Even though the report portrayed Guatemala as a dangerous country, it would have added little to the record. After all, the record already contained a similar, earlier report describing the conditions in Guatemala. Under the circumstances, the Board did not abuse its discretion in concluding that the 2017 report would not have “change[d] the result.” See Alanwoko v. Mukasey, 538 F.3d 908, 913 (8th Cir. 2008) (“[T]he petitioner has the burden of establishing that if the motion [to reopen] is granted, the new evidence would likely change the result of the proceedings.”).
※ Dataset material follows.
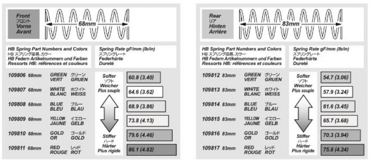 HB RACING Rear Shock Springs (White/83mm/57.9gF/2pcs)

Nor did the Board abuse its discretion in concluding that the declaration was not “new.” To be sure, the declaration was created after the immigration judge’s decision. But it relied on studies that were published years earlier—before Lesbia and Fherdy requested relief—and could have been discovered previously. So the Board acted well within its discretion when it refused to reopen the record on this ground, too. See Alva-Arellano, 811 F.3d at 1067–68 (stating that, for a motion to reopen, the movant bears the “burden to demonstrate that the evidence was previously unavailable” or could not have been discovered earlier “by the exercise of due diligence” (citation omitted)).
Outcome: The petition for review is accordingly denied.